### ASSIGNED TASK
Reproduce exactly the line with "تیشرت سفید طرح" and every line that follows it below, up to and including the last one. Do not include pictures or anything else.

Source data
===

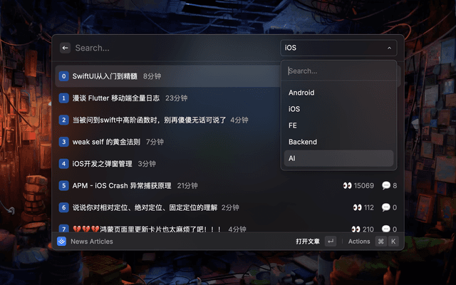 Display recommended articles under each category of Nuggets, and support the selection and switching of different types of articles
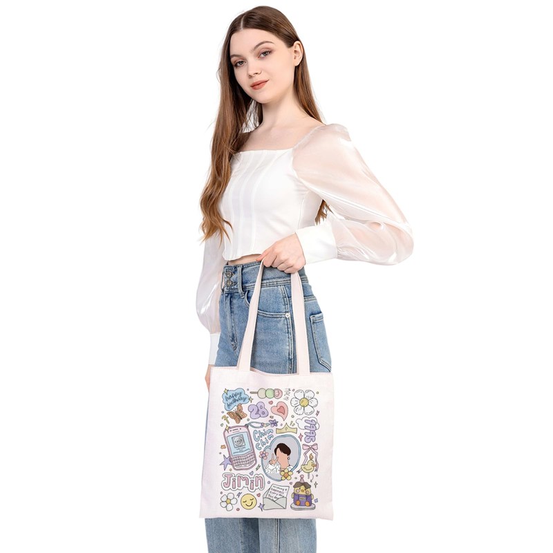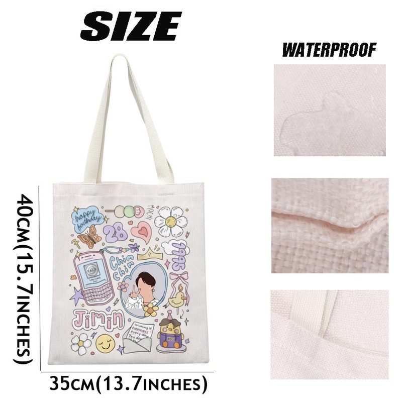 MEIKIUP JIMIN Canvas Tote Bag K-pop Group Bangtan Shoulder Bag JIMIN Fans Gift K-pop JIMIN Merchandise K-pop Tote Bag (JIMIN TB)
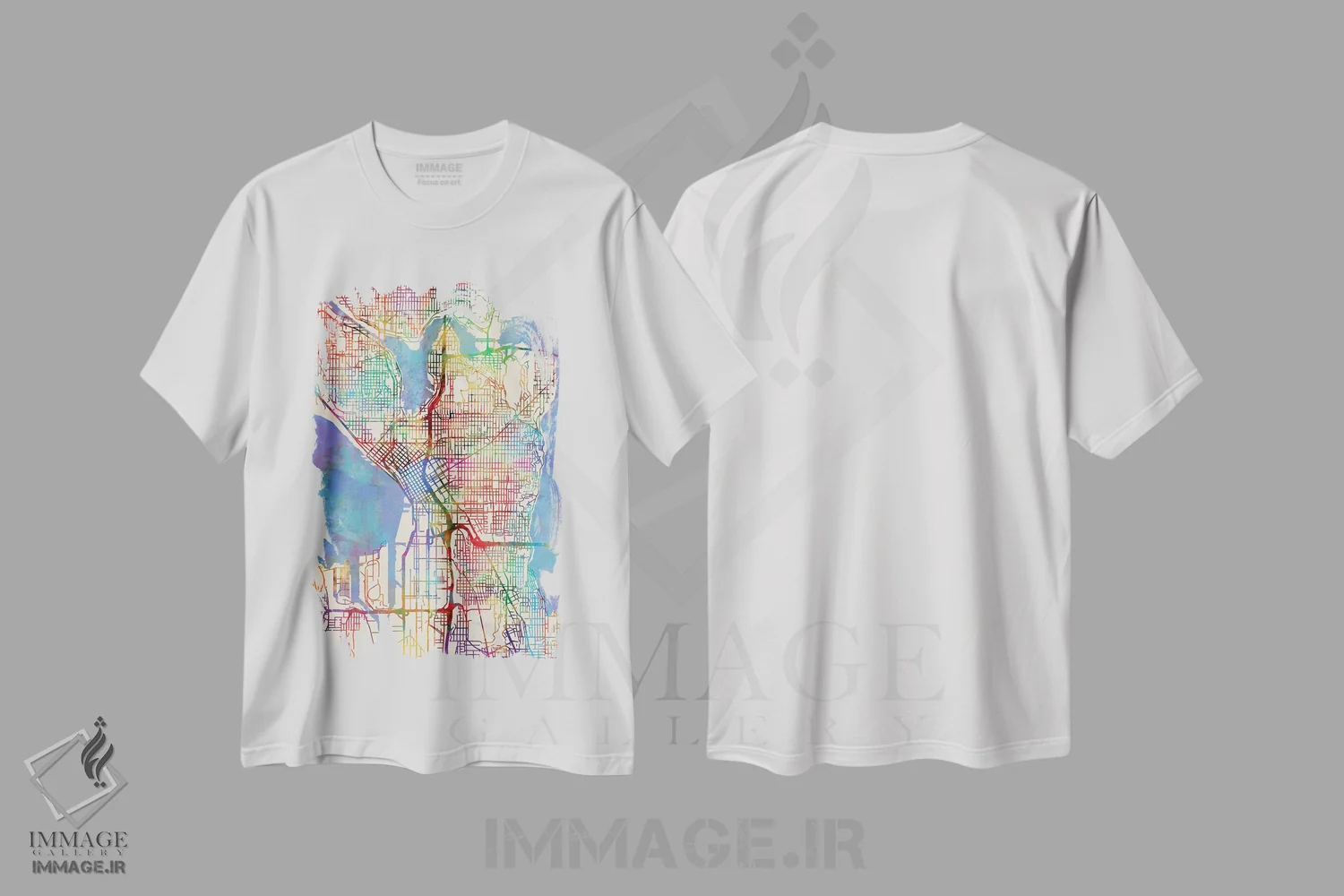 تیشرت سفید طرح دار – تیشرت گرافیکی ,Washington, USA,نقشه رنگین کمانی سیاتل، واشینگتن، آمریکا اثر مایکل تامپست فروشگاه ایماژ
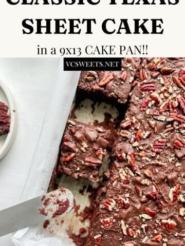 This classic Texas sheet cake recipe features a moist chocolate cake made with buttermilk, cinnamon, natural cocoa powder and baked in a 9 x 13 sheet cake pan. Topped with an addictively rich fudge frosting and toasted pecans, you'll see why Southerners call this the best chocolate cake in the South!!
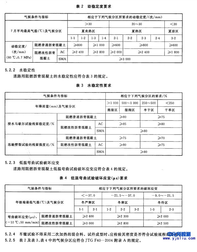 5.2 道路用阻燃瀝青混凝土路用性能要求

===

### RESPONSE AREA
 تیشرت سفید طرح دار – تیشرت گرافیکی ,Washington, USA,نقشه رنگین کمانی سیاتل، واشینگتن، آمریکا اثر مایکل تامپست فروشگاه ایماژ
 This classic Texas sheet cake recipe features a moist chocolate cake made with buttermilk, cinnamon, natural cocoa powder and baked in a 9 x 13 sheet cake pan. Topped with an addictively rich fudge frosting and toasted pecans, you'll see why Southerners call this the best chocolate cake in the South!!
 5.2 道路用阻燃瀝青混凝土路用性能要求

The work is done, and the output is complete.